• **WHAT YOU WILL DO**:
What are the lines below, starting at the line containing "Sử dụng những" and ending at the line containing "The Distinguished Fellow"? Write them out exactly, ends included, without pictures.

• **PROVIDED DATA**:
***
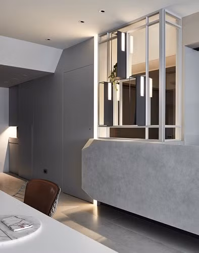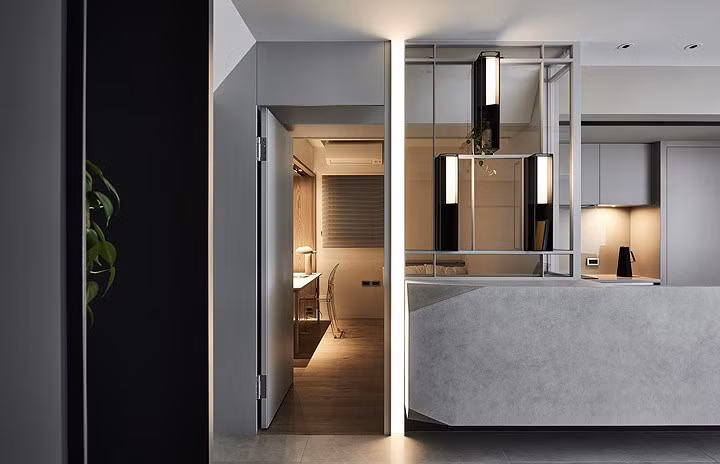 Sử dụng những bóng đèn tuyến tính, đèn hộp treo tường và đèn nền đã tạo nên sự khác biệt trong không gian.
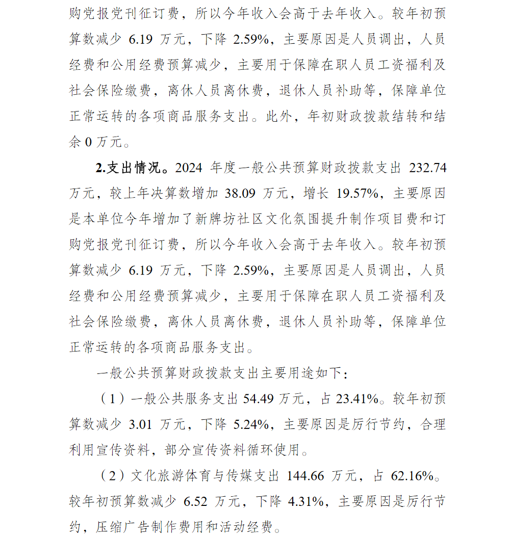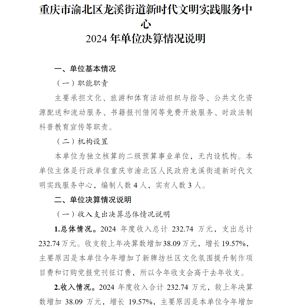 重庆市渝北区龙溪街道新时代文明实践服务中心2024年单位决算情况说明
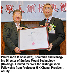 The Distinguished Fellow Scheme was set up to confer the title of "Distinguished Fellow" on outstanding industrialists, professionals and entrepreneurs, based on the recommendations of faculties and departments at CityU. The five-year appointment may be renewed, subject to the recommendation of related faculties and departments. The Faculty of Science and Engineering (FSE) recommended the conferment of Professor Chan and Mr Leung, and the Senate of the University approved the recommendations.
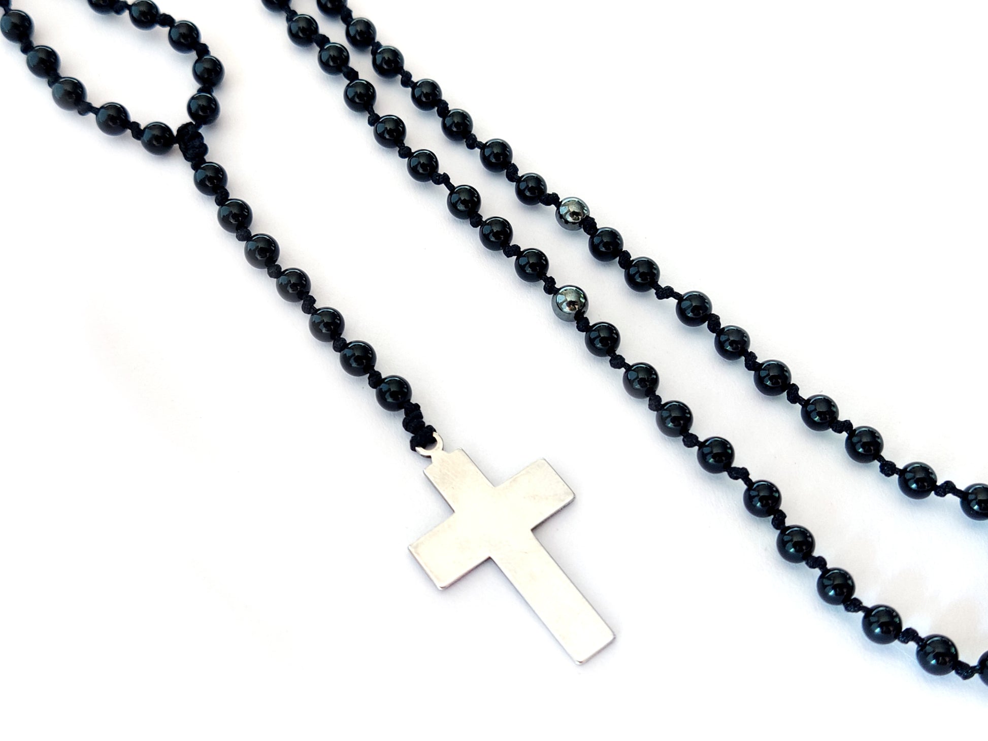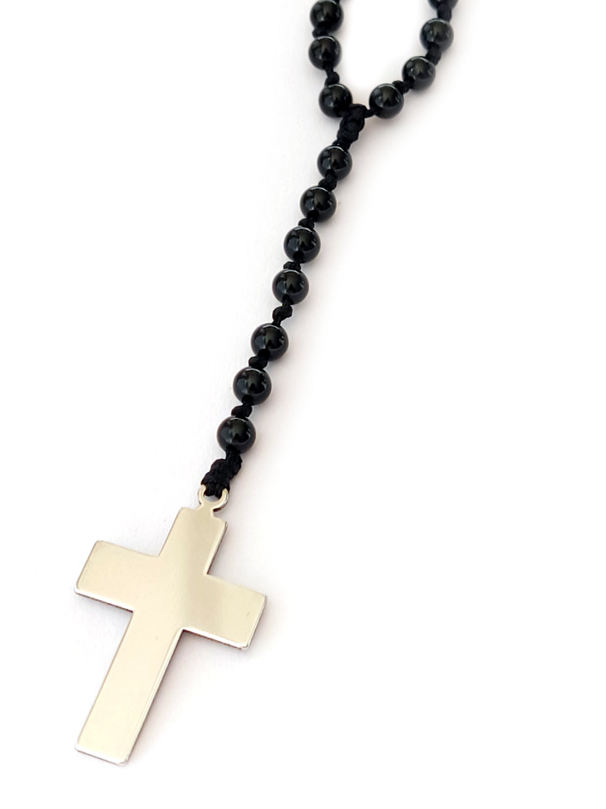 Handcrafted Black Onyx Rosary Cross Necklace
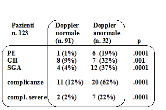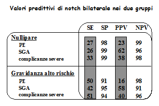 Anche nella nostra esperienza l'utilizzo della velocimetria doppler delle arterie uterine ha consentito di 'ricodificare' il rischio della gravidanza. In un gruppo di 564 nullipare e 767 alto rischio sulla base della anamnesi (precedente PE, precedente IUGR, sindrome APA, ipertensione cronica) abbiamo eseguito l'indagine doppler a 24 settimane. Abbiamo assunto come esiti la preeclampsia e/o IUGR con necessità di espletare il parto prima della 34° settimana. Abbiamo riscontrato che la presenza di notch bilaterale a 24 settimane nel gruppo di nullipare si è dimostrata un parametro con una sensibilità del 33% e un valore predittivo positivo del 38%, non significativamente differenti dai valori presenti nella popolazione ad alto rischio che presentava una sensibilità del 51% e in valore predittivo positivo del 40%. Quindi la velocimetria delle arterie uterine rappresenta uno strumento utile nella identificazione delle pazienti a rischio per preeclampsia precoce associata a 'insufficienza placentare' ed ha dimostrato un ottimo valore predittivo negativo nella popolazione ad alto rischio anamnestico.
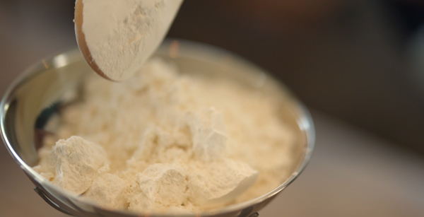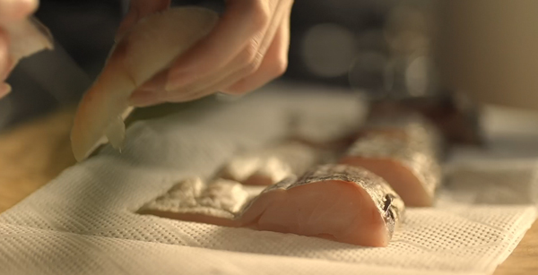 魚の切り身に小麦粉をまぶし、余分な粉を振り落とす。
***
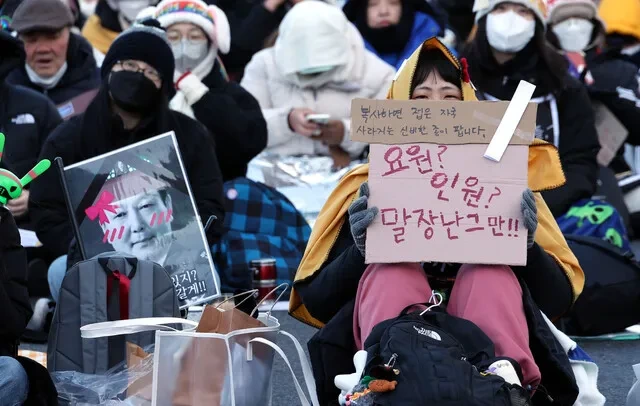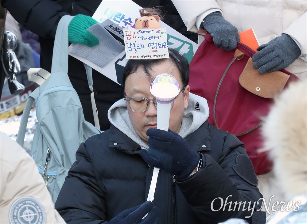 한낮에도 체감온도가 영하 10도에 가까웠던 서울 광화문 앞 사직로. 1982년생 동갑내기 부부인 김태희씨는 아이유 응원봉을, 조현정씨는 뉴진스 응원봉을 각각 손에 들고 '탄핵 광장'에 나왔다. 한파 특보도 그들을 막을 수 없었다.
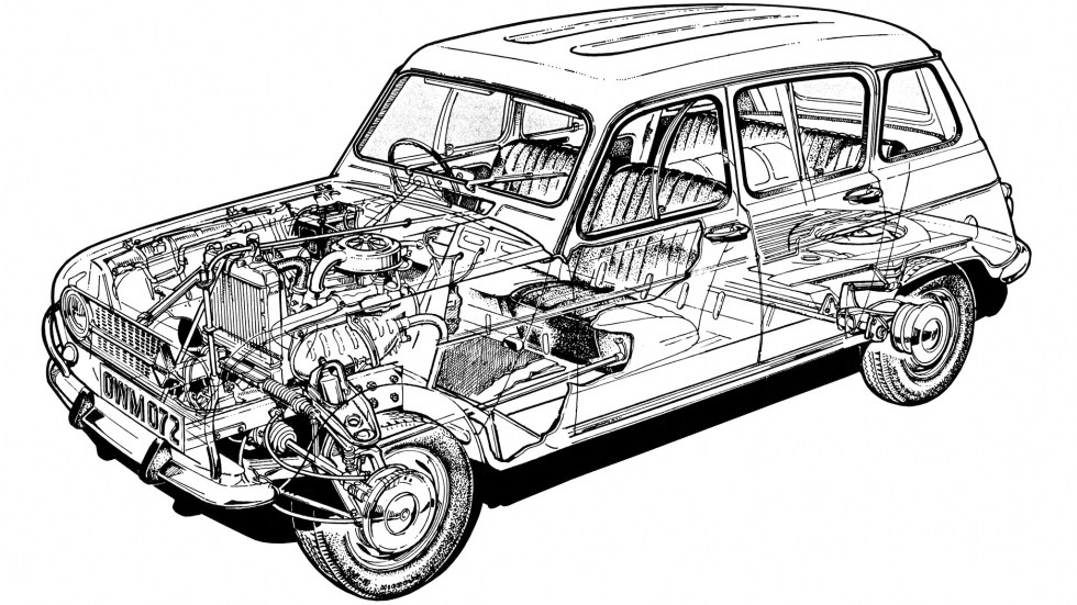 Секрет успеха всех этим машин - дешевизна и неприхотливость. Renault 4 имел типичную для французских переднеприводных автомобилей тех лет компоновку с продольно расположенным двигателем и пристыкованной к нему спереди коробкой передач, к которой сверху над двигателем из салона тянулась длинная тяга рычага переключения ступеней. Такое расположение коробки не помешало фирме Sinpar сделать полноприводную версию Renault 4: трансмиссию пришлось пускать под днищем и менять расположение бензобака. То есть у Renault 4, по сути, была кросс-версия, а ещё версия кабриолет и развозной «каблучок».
***
• **ANSWER**:
 Sử dụng những bóng đèn tuyến tính, đèn hộp treo tường và đèn nền đã tạo nên sự khác biệt trong không gian.
 重庆市渝北区龙溪街道新时代文明实践服务中心2024年单位决算情况说明
 The Distinguished Fellow Scheme was set up to confer the title of "Distinguished Fellow" on outstanding industrialists, professionals and entrepreneurs, based on the recommendations of faculties and departments at CityU. The five-year appointment may be renewed, subject to the recommendation of related faculties and departments. The Faculty of Science and Engineering (FSE) recommended the conferment of Professor Chan and Mr Leung, and the Senate of the University approved the recommendations.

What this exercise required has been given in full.